» **REQUIRED WORK**
No line before the one holding "本丸は13平米。芝生は本丸御" is to be copied; that line and all after it, through the end of the listing, are returned exactly, minus pictures.

» **RECORDED INFORMATION**
++++
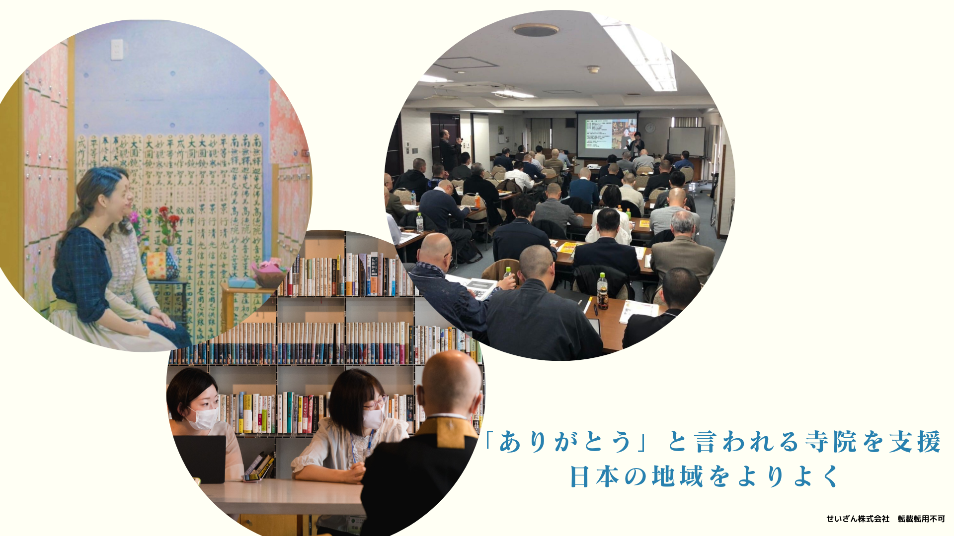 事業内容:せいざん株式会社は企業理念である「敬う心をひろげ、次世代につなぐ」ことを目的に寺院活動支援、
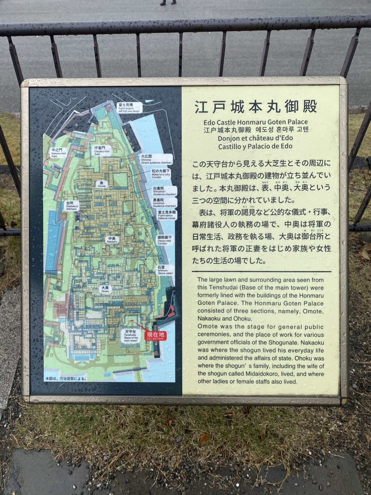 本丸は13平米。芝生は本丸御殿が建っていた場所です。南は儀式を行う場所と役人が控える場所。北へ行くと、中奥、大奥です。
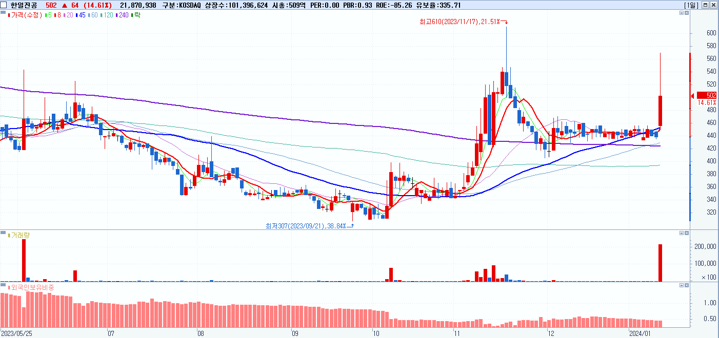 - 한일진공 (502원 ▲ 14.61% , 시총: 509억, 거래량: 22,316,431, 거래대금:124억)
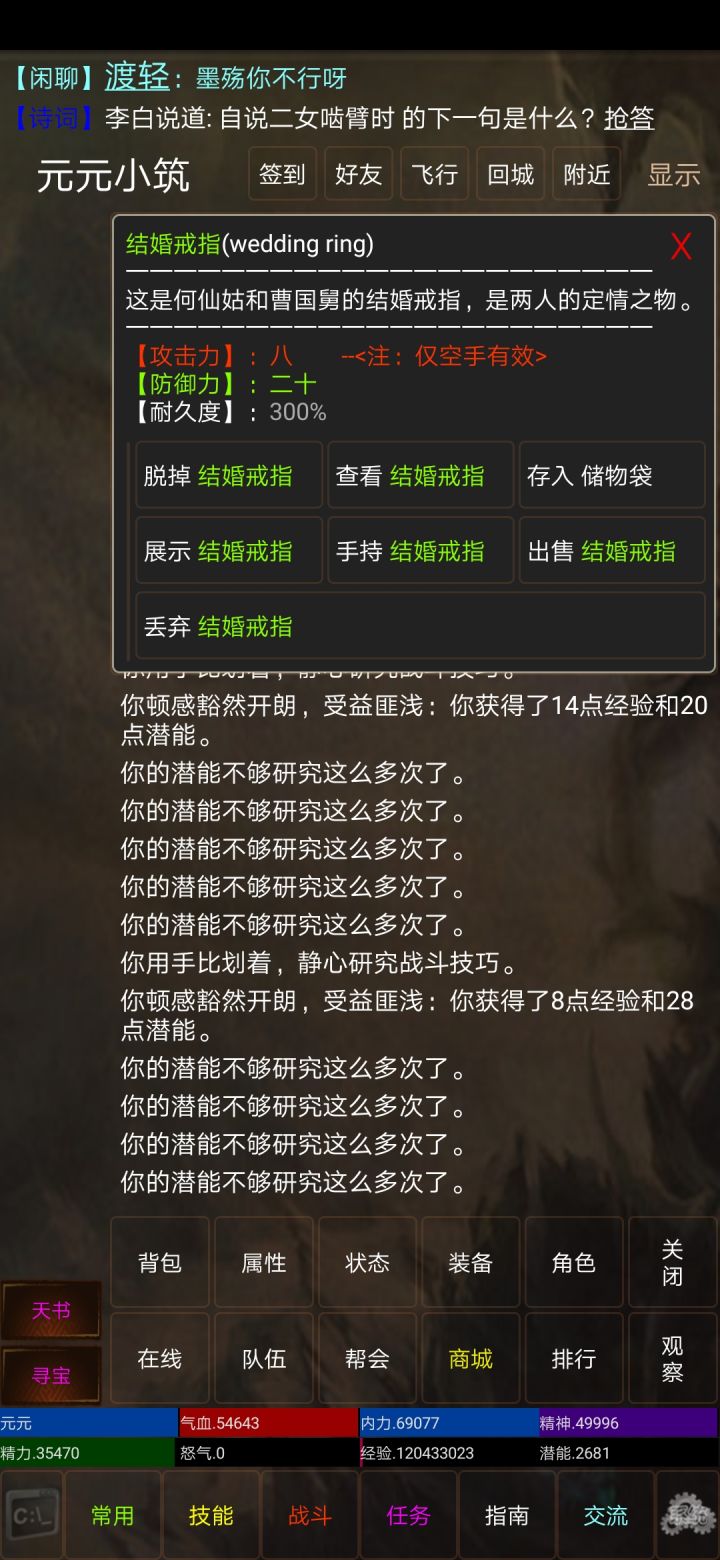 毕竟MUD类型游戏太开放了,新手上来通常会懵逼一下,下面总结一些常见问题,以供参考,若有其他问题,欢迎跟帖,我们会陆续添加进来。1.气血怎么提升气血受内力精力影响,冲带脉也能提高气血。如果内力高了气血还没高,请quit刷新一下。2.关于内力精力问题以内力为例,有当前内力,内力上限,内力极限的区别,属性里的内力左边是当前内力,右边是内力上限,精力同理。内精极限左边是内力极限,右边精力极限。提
++++
» **SOLUTION**
 本丸は13平米。芝生は本丸御殿が建っていた場所です。南は儀式を行う場所と役人が控える場所。北へ行くと、中奥、大奥です。
 - 한일진공 (502원 ▲ 14.61% , 시총: 509억, 거래량: 22,316,431, 거래대금:124억)
 毕竟MUD类型游戏太开放了,新手上来通常会懵逼一下,下面总结一些常见问题,以供参考,若有其他问题,欢迎跟帖,我们会陆续添加进来。1.气血怎么提升气血受内力精力影响,冲带脉也能提高气血。如果内力高了气血还没高,请quit刷新一下。2.关于内力精力问题以内力为例,有当前内力,内力上限,内力极限的区别,属性里的内力左边是当前内力,右边是内力上限,精力同理。内精极限左边是内力极限,右边精力极限。提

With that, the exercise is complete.